Peggy - Have you done any discipline training with Toby? Leave it? I think a quick reprimand word when he is in the act, I say "Ack. Too bad", and then scoot him off to a 10 second time out. I do time out by having Lola on a tether leash, and I will close the leash in the bathroom door, so she can't run for the TP while she is in there! No longer than a count to 10 in the time out. I have broken her of coffee table stealing in 5 "too bads". Then when he starts to get it, and approaches the shoe again, and leaves it, reward with a treat. If you concentrated on shoes, and put one so you could catch him in the act, you can work through it. 

Also...give him other things to chew on - like Moo Bully sticks - odor free! Avoid rawhide as it is not digestible. And spray bitter apple on whatever you can to keep him off it. Lola's leashes are regularly soaked in bitter apple spray.
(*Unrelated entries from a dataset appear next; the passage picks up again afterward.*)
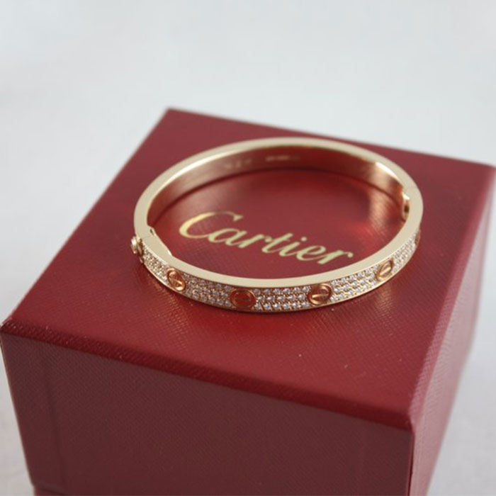 LOVE bracelet, 18K yellow gold (750/1000), set with 204 brilliant-cut diamonds totaling 2 carats. Width: 6.7 mm (for size 17).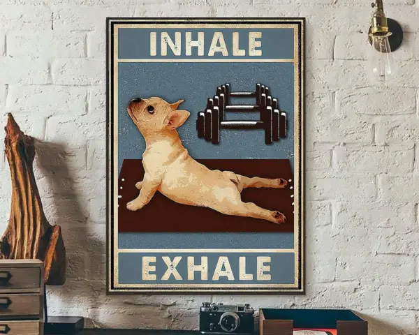 Pug Dog Inhale Exhale Vertical Poster Funny Dog Pose Poster Cute Dog Doing Exercise Wall Print Animal Art Dog Lover Gift No Frame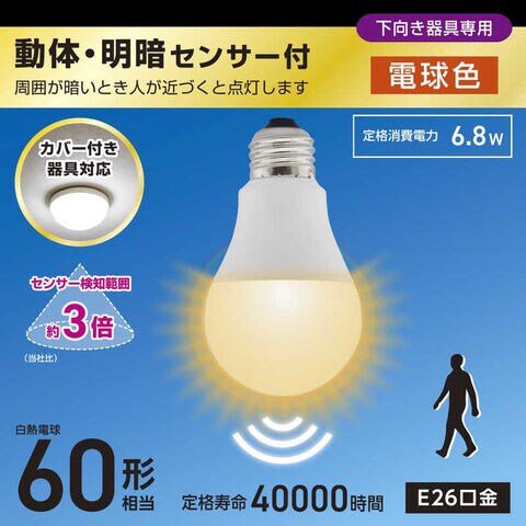 オーム電機 LED電球 動体・明暗センサー付 [E26 / 一般電球形 / 60W相当 / 電球色 / 1個 / 広配光タイプ] LDA7L-G-MW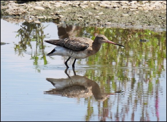 WWT Slimbridge A breeding plumaged Spotted Redshank on the Top New Piece. Also an adult Wood Sandpiper, a Green Sandpiper and 90 Black-tailed Godwits flew off from there. A Grasshopper Warbler still reeling and showing occasionally at Mid Point. On the Rushy four Green Sandpipers, an adult and two juvenile Little Ringed Plovers and a Black-tailed Godwit. (Slimbridge Sightings).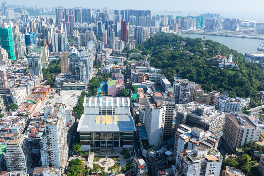第15回全国運動会で5人制バスケットボール男子U18(18歳以下)の会場となるマカオ塔石体育館。(10月17日、ドローンから、マカオ=新華社配信/張金加)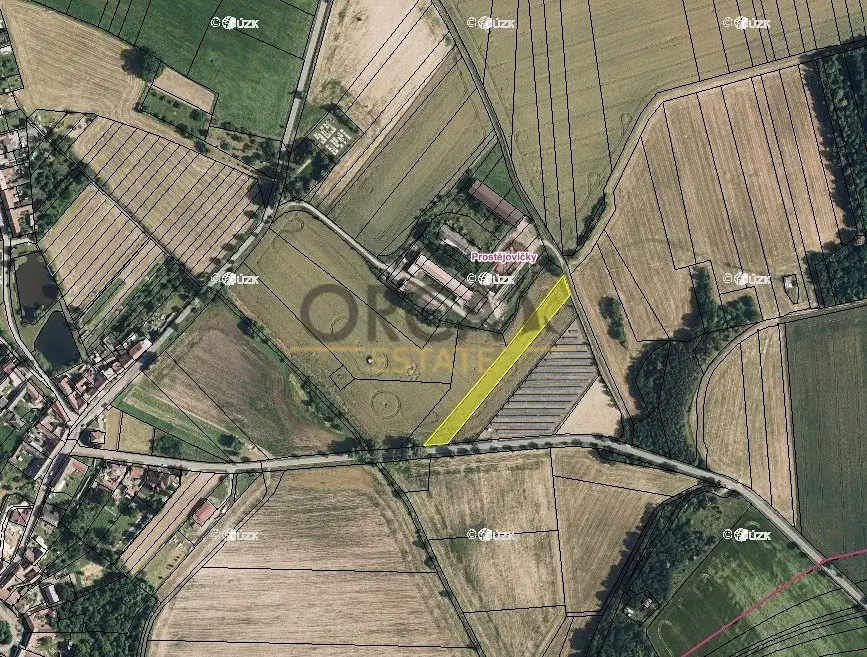 Exkluzivně nabízíme pozemek ve výlučném vlastnictví v k.ú. Prostějovičky, okres Prostějov. Jedná se o parcelu č. 929 o celkové výměře 3240 m2, zapsanou na LV 609. Pozemek je široky cca 16 m, dle katastru je evidován jako orná půda. V územním plánu pozemek leží v návrhové ploše smíšené výrobní (Vs). V současné době je pozemek propachtován, a to na dobu neurčitou s výpovědní lhůtou 1 rok.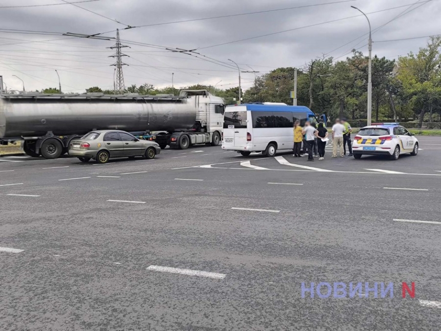У четвер, 5 вересня, на Херсонському кільці у Миколаєві зіткнулися DAEWOO Lanos та мікроавтобус Mercedes. Про це повідомляє кореспондент «Новин-N» із
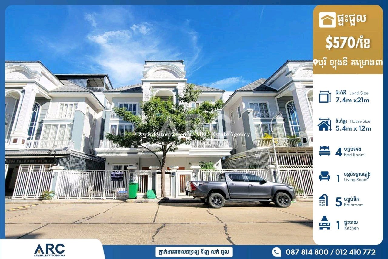 🏘️ វីឡាភ្លោះ(Twin Villa) សម្រាប់ជួលនៅបុរី ឡុងនី (គម្រោង៣) *តម្លៃ: 570$(ចចារ) *ទំហំផ្ទះ Size House: 5.4m x 12m *ទំហំដី Size Land: 7.4m x21m *បន្ទប់គេង Bedroom: 4 *បន្ទប់ទឹក Bathroom: 6 👉សម្ភារ:មាន: វាំងននគ្រប់បន្ទប់ 👉ផ្ទះថ្មីស្អាត ជិតផ្សារ សាលារៀន មានសន្តិសុខ២៤ម៉ោង មានផាសុខភាព សុវត្ថិភាព..... 📍 នៅសង្កាត់ដង្កោ ខណ្ឌដង្កោ រាជធានីភ្នំពេញ Tel: 087814xxxClick To Call / 012410xxxClick To Call / 070410xxxClick To Call Telegram http://t.me/@Vebol087 Channel Telegram https://t.me/ARCDangkorVebol Channel telegram: https://t.me/AsiaRealEstateCambodia #ផ្ទះលក់បន្ទាន់ខ្លាំង #villaforsale #KhanDangkao #khanmeanchey 👉អាជ្ញាប័ណ្ណ: EV-08-069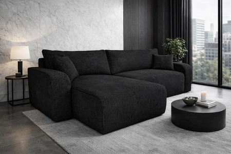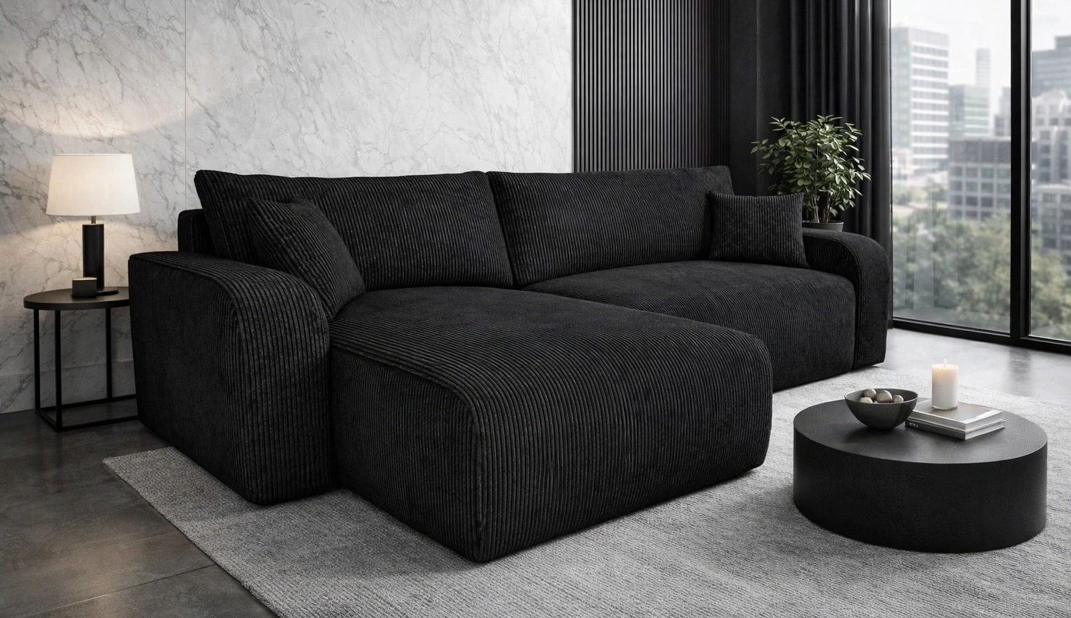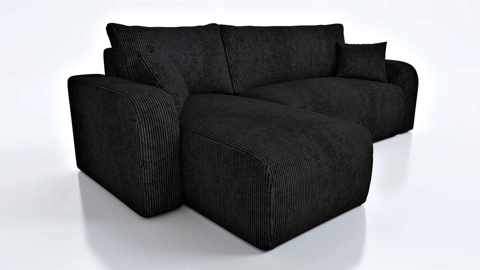 Ecksofa mit Schlaffunktion Fiesta schwarz universal Ecksofa für Wohnzimmer Kordstoff Bettzeug Container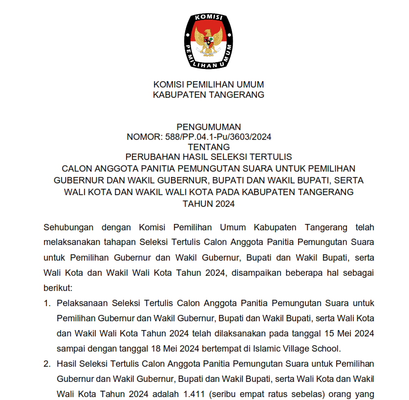 Pengumuman Perubahan Hasil Seleksi Tertulis Calon Anggota Panitia Pemungutan Suara (PPS) Untuk Pemilihan Gubernur dan Wakil Gubernur, Bupati dan Wakil Bupati, Walikota dan Wakil Walikota pada Kabupaten Tangerang Tahun 2024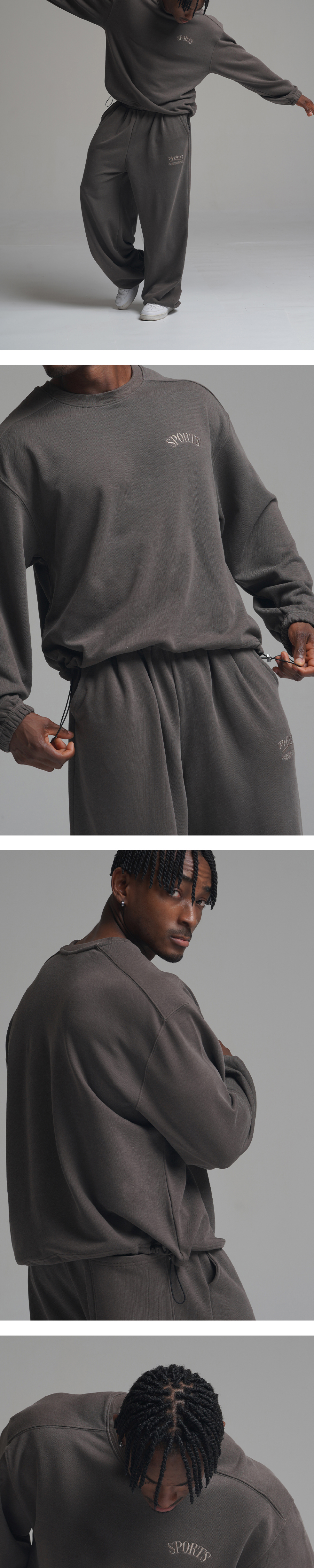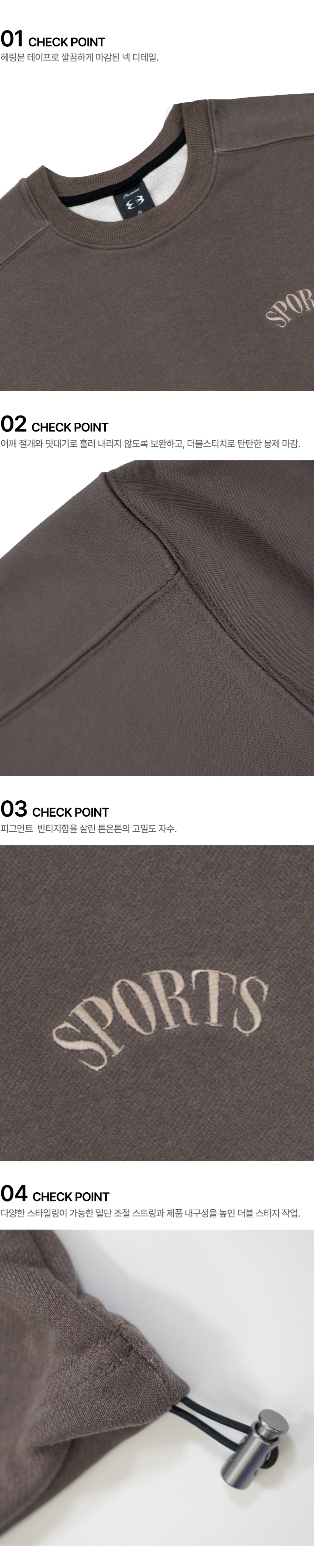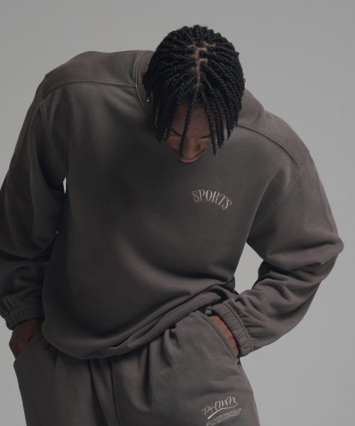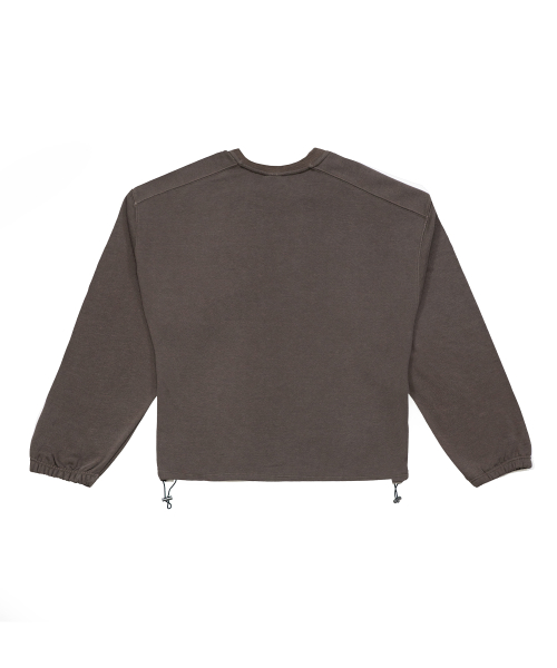 피그먼트 오버핏 절개 스트링 맨투맨 - 그레이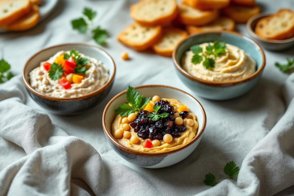Jouez avec les saveurs en ajoutant des herbes fraîches comme la menthe ou la coriandre, ou des épices telles que le sumac et le curry pour stimuler l'intérêt. Parsemez d’éclats de noisettes, de graines ou de zestes d'agrumes pour donner à chaque tartinade un caractère unique. Variez les présentations en utilisant des verrines ou de jolies assiettes colorées pour une esthétique attrayante.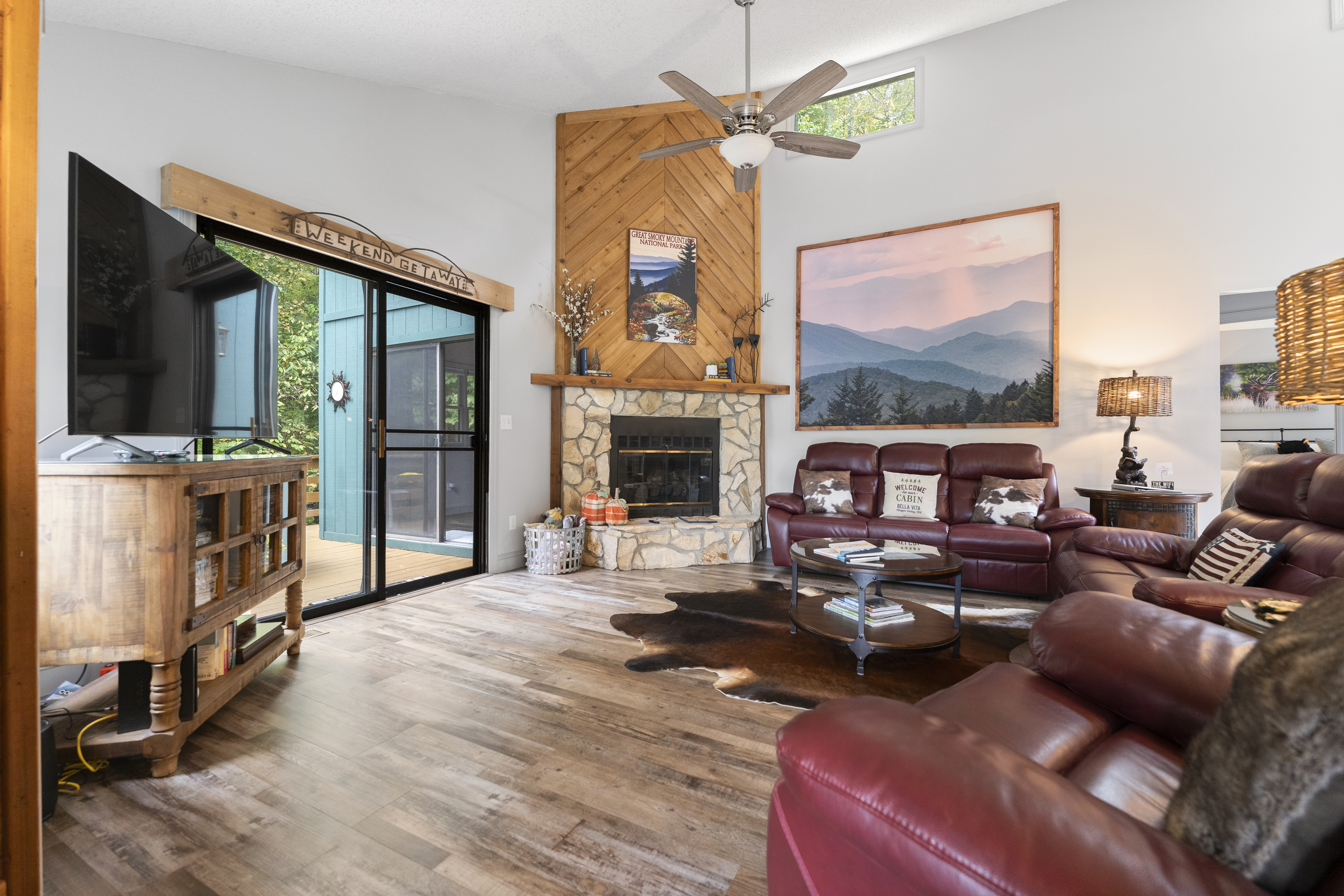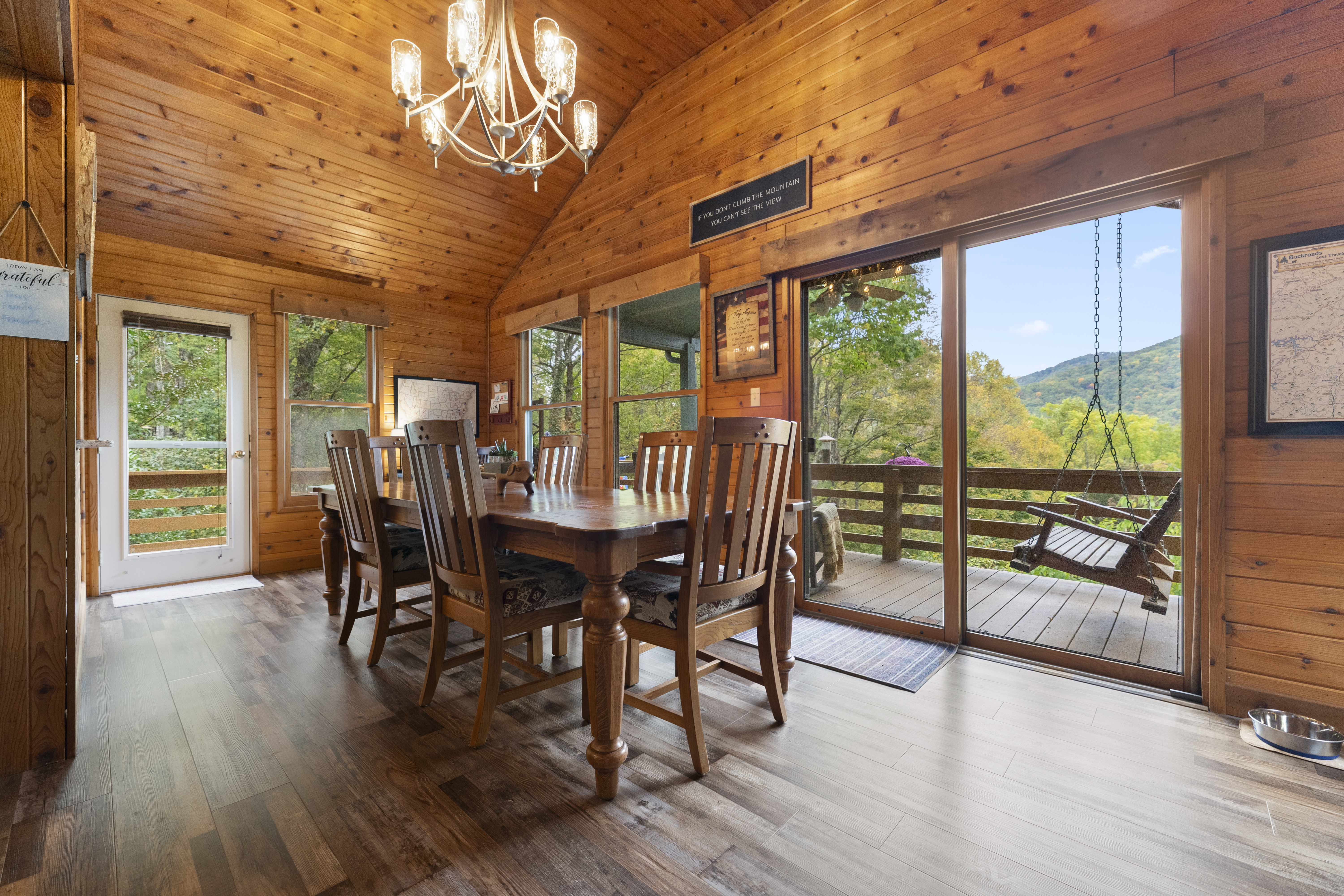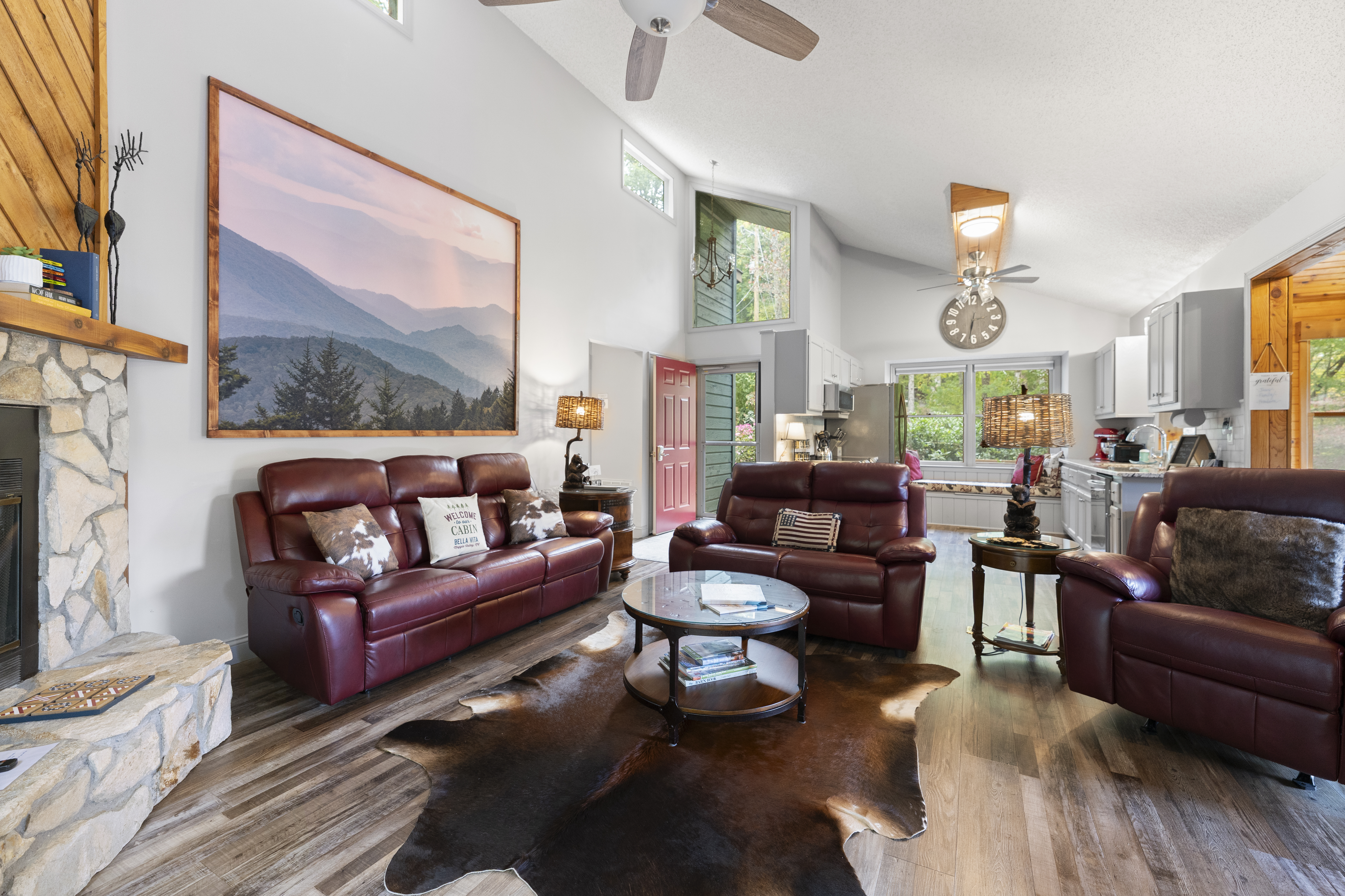 After a day of hiking or sightseeing activities, you will appreciate all the amenities of this Non-Smoking one level home such as central heat and air conditioning, wood floors throughout, stone gas fireplace, refrigerator, ice maker, electric oven/stove, microwave and full-size washer and dryer. The fully equipped kitchen also includes everything you would need for a nice family dinner. You can enjoy a cup of coffee and a biscotti, that is provided, as you wake up to the view of the wonderful mountains. Besides relaxing in the great room, which has lots of windows to enjoy the view, you may want to enjoy the smart TV (60") for streaming or wireless high speed internet access for all your electronic devices. For those families working remote, you will appreciate all the USB ports available throughout the cabin, to charge your many devices and the granite top desk with lamp and USB ports located in the dining room. We also have paper, pens and other remote working items. Of course, you are always welcome to work on either of the two decks while enjoying the great outdoors or next to the gas fireplace with the remote in hand. You could also just take a break and make some s’mores on the fire pit on the deck while taking in the views. For a great night's sleep, the master bedroom includes a king size bed and a private bath with a new large curb-less walk-in shower and double sink vanity. It also features a 50” Smart TV for streaming and access to the private deck to enjoy your morning coffee while catching up on the world around you, watching the songbirds or just taking in all that nature has to offer. Our winter guest can also enjoy the heated mattress pad on both the king size beds for a cozy nights sleep. The second bedroom includes a king bed and a 43” Smart TV for streaming. The third bedroom has two twin beds. Pets are welcome with a non-refundable pet fee of $100, which is sent through the Resolution Center after booking. In order to prevent separation anxiety-induced damage from your usually well-behaved pets, we ask that you either take your pets with you or crate them when you are not going to be with them. We do live on the side of a mountain so please refrain from walking around the cabin as the grounds are uneven and falls could occur. Feel free to walk along driveway since it is relatively flat.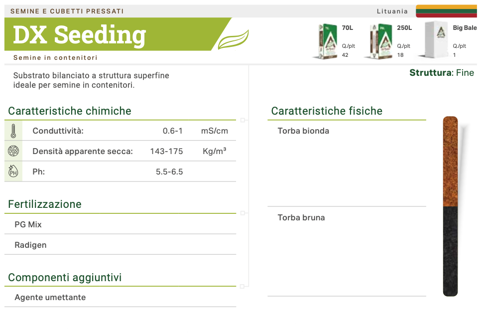 Substrato bilanciato a struttura superfine, ideale per la coltivazione di semenzali in contenitori. Composto da una miscela 50/50 di torba bionda e torba nera, proveniente principalmente dai Paesi Baltici, garantisce un’ottima ritenzione idrica e un’aerazione efficace per le radici. Con un pH compreso tra 5,5 e 6,5 e una conducibilità moderata, è progettato per supportare una germinazione uniforme e una crescita vigorosa delle giovani piante. Adatto per utilizzi in condizioni standard di coltivazione.

Works wonders.


----------



## DanielBMe (Nov 25, 2007)

I tried the nylabones with a very modest success. Bogart and Brando just seemed to prefer to chew on things they shouldn't such as the baseboard in my kitchen. Just make sure they have lots of chew toys and with some training hopefully the destruction will be left to a minimum.


----------



## LuvCicero (Mar 31, 2008)

The 'bitter apple' spray worked great for us also. I sprayed all our shoes with it. Cicero loved to bite on the legs of my pj's in the morning so I sprayed them and when he grabbed and got a taste, I said, "Yak". After just a few days if he started for something, YAK made him leave it along. Good luck!


----------



## Lina (Apr 26, 2007)

Kubrick wouldn't touch the nylabone... not sure why. He does love his Moo Bully Sticks and Merrick's Flossies, though. I also give him N-Bone Pearly Whites for his teeth/breath and he chews on those every once in a while too.


----------